Mclusky live on stage

„Ein kurzer, scharfer Schock“ solle es sein, wenn Mclusky auf der Bühne stehen, meinte die Band am Nachmittag. Der Schock am Abend dauerte eine ungefähre halbe Stunde, eröffnet mit dem grandiosen „Light Sabre Cocksucking Blues“, ohne das Tempo im weiteren Lauf wesentlich zu reduzieren, laut, wirklich laut, die Tribüne in der Kesselhalle im Schlachthof erbebte, ohne ein Gramm theatralisches Pathos, aber auch, ohne die zarten Pop-Facetten, die die Songs bei allem wütenden Drängen haben, völlig zu überrollen.

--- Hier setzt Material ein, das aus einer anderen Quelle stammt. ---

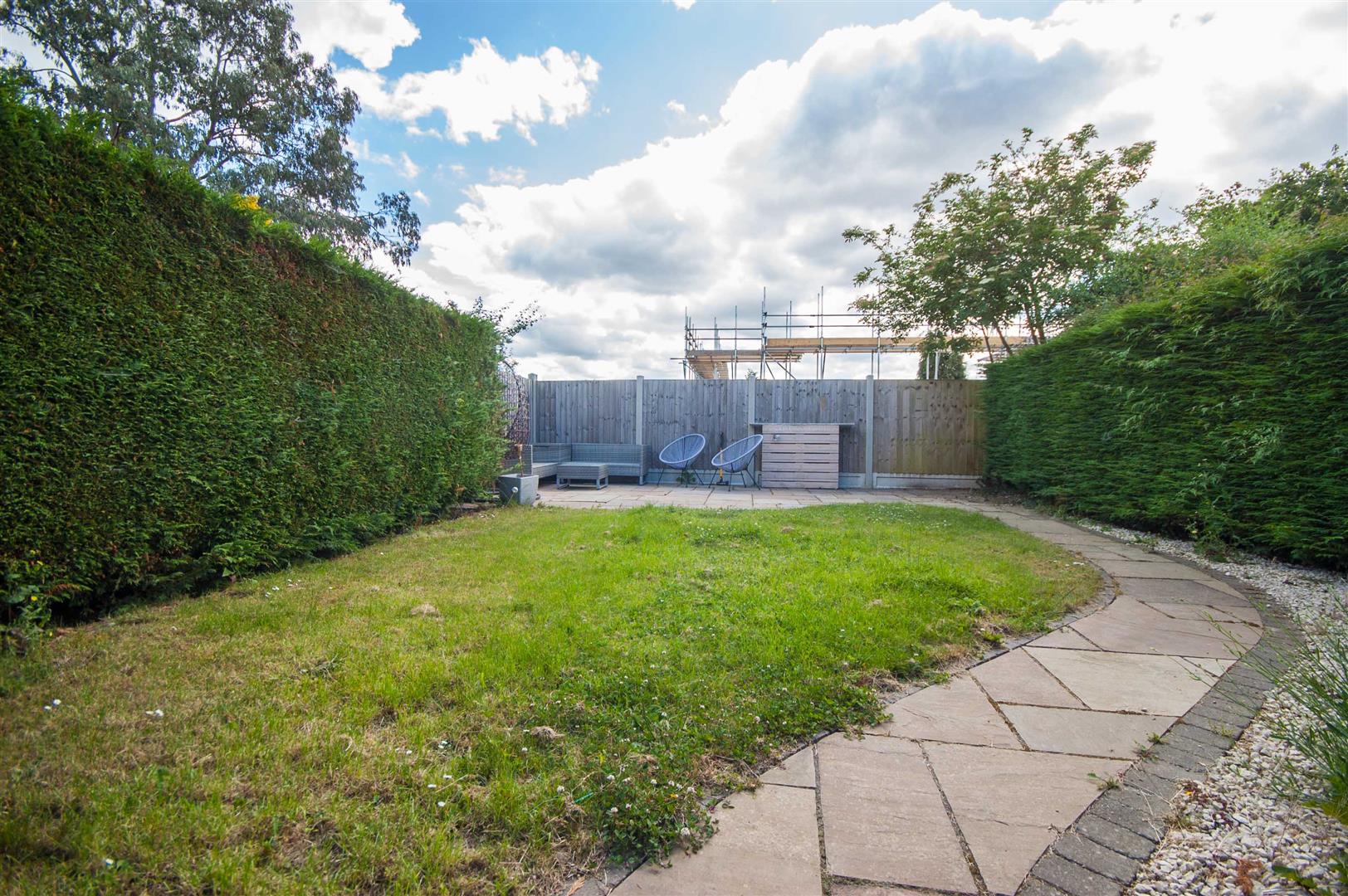 A landscaped private rear garden that measures 37' approx and is mainly laid to lawn, with Indian Sandstone pathway and rear patio, plus further shed.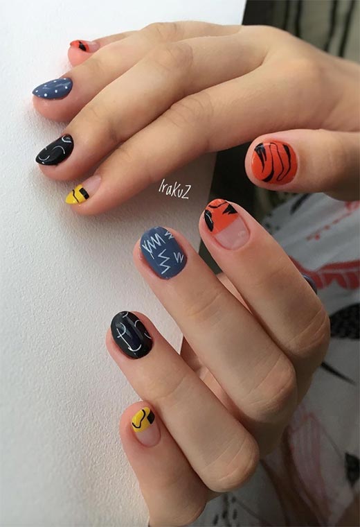 33. Unghie moderne con colori caldi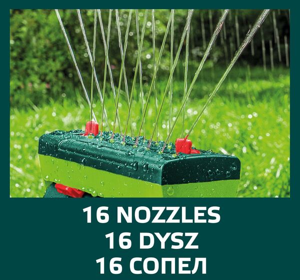 Ороситель маятниковый VERTO с 16 форсунками обеспечивает удобный полив территории площадью до 208 м квадратных. Функция регулировки диапазона полива, а также регулятор давления воды позволяют настроить дощувальник в зависимости от территории, которую планируем поливать Имеется металлическая ножка для быстрой и удобной установки дощувальника на траве.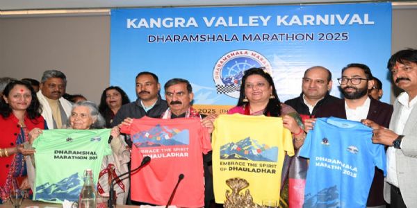 धर्मशाला, 02 दिसंबर (हि.स.)। मुख्यमंत्री ठाकुर सुखविंद्र सिंह सुक्खू ने मंगलवार को धर्मशाला में मैराथन-2025 की आधिकारिक जर्सी लांच की। यह आयोजन 25 दिसम्बर, 2025 को प्रस्तावित है। इस आयोजन का उद्देश्य शारीरिक तंदरुस्ती को बढ़ावा देना, खेल पर्यटन को सशक्त बनाना और धौलाधार की मनोरम पहाड़ियों की सुंदरता को उजागर करना है। उपस्थित लोगों ने धौलाधार पर्वतमाला तथा क्षेत्र की जीवंत सांस्कृतिक विरासत से प्रेरित जर्सी के डिज़ाईन की सराहना की।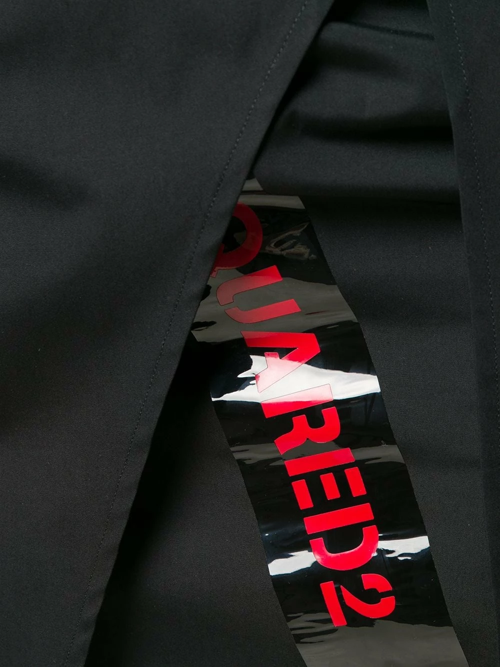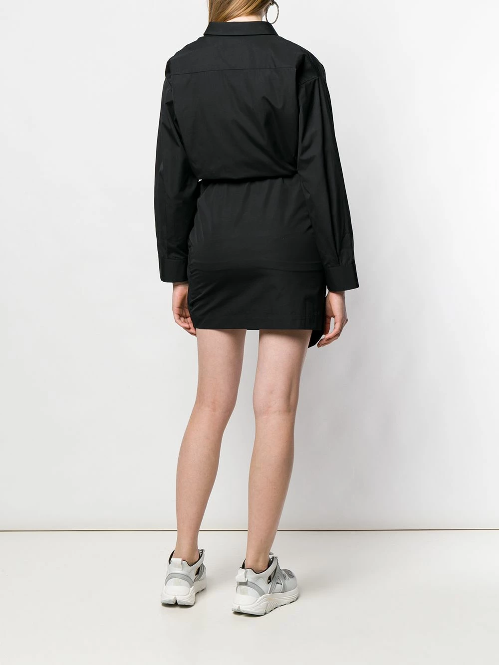 Robe Nina en coton Dsquared2 avec design superposé, encolure ronde, col classique, boutonnière sur le devant, ceinture nouée, ourlet asymétrique, manches longues et poignets boutonnés.

„Wenn die Leute wirklich schreien, spielen wir auch eine Zugabe“, hatten Mclusky vorher gesagt, und sie ließen sich in der Tat lange bitten, bevor sie für eine Zugabe zurückkamen und die Bühne den unerfreulichen Heyday überließen, für deren larmoyanten Rock sich nur noch ein relativ kleiner Rest des Publikums interessierte. Schöner wäre gewesen, Mclusky in einem kleineren Rahmen zu sehen, als in der nicht mal halb gefüllten Kesselhalle.
Die komische Tour mit Heyday und einer anderen Band, deren Namen ich lieber vergessen habe, war eine der unzähligen Merkwürdigkeiten aus der weiten Welt des Rock’n’Roll. Aber Mclusky spielen jede Show, die sie spielen können. Und das ist gut so.

Die Angst vorm Fliegen

„Von allen Songs des Albums ist der ‚Light Sabre Cocksucking Blues‘ am schwierigsten zu erklären. Es ist eine Übung in Sprache, aber im Grunde geht es um meine Angst vorm Fliegen. Ich weine nicht beim Fliegen, aber es ist nicht die lustigste Sache, die ich mir vorstellen kann, lass es mich so sagen…“

Schlagzeuger Matt ergänzt: „Es ist das Lustigste, was ich mir vorstellen kann. Mit ihm zu fliegen. Je mehr er sich aufregt, desto mehr Spaß habe ich.“
„Das ist wahr. Wenn wir fliegen und es gibt Turbulenzen, sagt er: Das ist doch keine Turbulenz! Ich will mehr! Und er versucht das Flugzeug in Bewegung zu schaukeln.“
„Fliegen ist ziemlich langweilig heutzutage…“
Auf Transkontinentalflügen gibt es immerhin freie Drinks.
„Stimmt, das ist toll“, stimmt mir Matt zu.
Andy trinkt nicht gern auf Flügen. „Als wir aus Amerika zurückkamen, lebte ich in einer Welt von Gin-Geruch. Ich versuchte zu schlafen und alles, was ich roch war Gin. Die Rhythm-Section trinkt am liebsten Gin. Ich bevorzuge Vodka, der riecht nicht so stark wie Gin.“
Matt: „Ich glaube nicht, dass Gin riecht.“
Andy: „Du merkst es nicht mehr.“
Matt: „Ich finde, dass Gin ein recht romantischer Drink ist. Wenn ein Mädchen Gin riecht, wird sie das ziemlich anziehend finden.“

Ich bin skeptisch und lege ihm „African Queen“ mit Bogart ans Herz, bei dem eine Jahresproduktion Gordon’s in einen afrikanischen Fluss fließt. Dann entgleitet das Gespräch mählich. Herrliches Mucke-Gelaber, ein Humor, der sich erahnen lässt, wenn man sich ihre Titel anschaut, aber das müsstet ihr selbst mal ausprobieren. Hingehen, anschauen!